И жажда женской чаруйной ласки! И зов любви!
О, горе сердцу! — ведь так смеялись весна весною…
Сирень сиренью… И с новым маем, и с новой листью
Все весенело; сверкало, пело в душе опять.
Я верил в счастье, я верил в женщин — четыре, пять,
Семь и двенадцать встречая весен, весь — бескорыстье.
О, бескорыстье весенней веры в такую встречу,
Чтоб расставаться не надо было, — в тебе ль не зло?
О, горе сердцу! — двенадцать женщин судьбой смело!
Я так растерян, я так измучен, так искалечен.
Но боль за болью и за утратой еще утрата:
Тебя теряю, свою волшебку, свою мечту…
Ты вся на море, ты вся на юге, вся на лету…
О, горе сердцу!
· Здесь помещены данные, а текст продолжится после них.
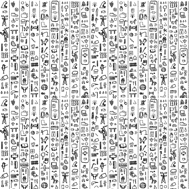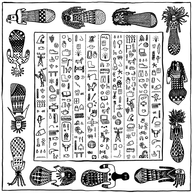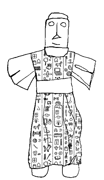 Ich fand Bilder von alten "Paddelpuppen", die in der Gegend als Spielzeug oder rituelle Plastiken hergestellt wurden. Ich war sehr fasziniert von ihnen, also machte ich einige Zeichnungen, die am Ende nicht verwendet wurden. Außerdem fertigte ich Zeichnungen von möglichen "modernen Hieroglyphen" und einem Bandana an, das die beiden Themen kombinierte.
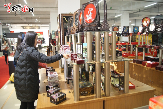 11月27日,市民在参观天水飞天雕漆产品展厅展品。天水雕漆已有近百年历史,雕漆器具有200多种规格不同的产品,远销欧美、日本、东南亚等37个国家和地区,深受消费者喜爱。(天天天水网记者马哲 摄)

И за ошибки ему расплата…

Игорь Северянин

Прогулка

Блузку надела яркую, —
Зеленую, ядовитую, —
И, смеясь, взяла меня за руку,
Лететь желанье испытывая.
Мы долго бродили по городу —
Красочному старому,
Своей историей гордому, —
Самозабвенною парою.
«Взгляните, как смотрят прохожие:
Вероятно мы очень странные, » —
Сказала она, похожая
На лилию благоуханную.
И в глаза мои заглядывая,
Склонная к милым дурачествам,
Глазами ласкала, и радовала
Своим врожденным изяществом.
Задержались перед кафаною,
Зашли и присели к столику,
Заказали что-то пряное,
А смеха-то было сколько!
Терраса висела над речкою —
Над шустрою мелкой Милячкою.
Курила. Пускала колечки.
И пальцы в пепле испачканы.
Рассказывала мне о Генуе.
О дальнем гурзуфском промельке.
Восторженная, вдохновенная,
Мечтающая о своем томике.
«Но время уже адмиральское,
И — не будем ссориться с матерью…»
С покорностью встал вассальскою,
И вот — нам дорога скатертью…
Болтая о всякой всячине,
Несемся, спешим, торопимся.
И вдруг мы грозой захвачены
Такою, что вот утопимся!..
Влетели в подъезд. Гром. Молния.
Сквозняк — ведь окно распахнуто.
Притихла. Стоит безмолвная.
И здорово ж тарарахнуло!
Прикрыла глаза улыбчиво
И пальцами нежно хрустнула.
Вполголоса, переливчиво:
«Дотроньтесь, — и я почувствую».
Ну что же? И я дотронулся.
И нет в том беды, по-моему,
Что нам не осталось соуса,
Хотя он был дорогостоимый…

Игорь Северянин

Секстина VII (Здесь в Крымскую кампанию жил Фет)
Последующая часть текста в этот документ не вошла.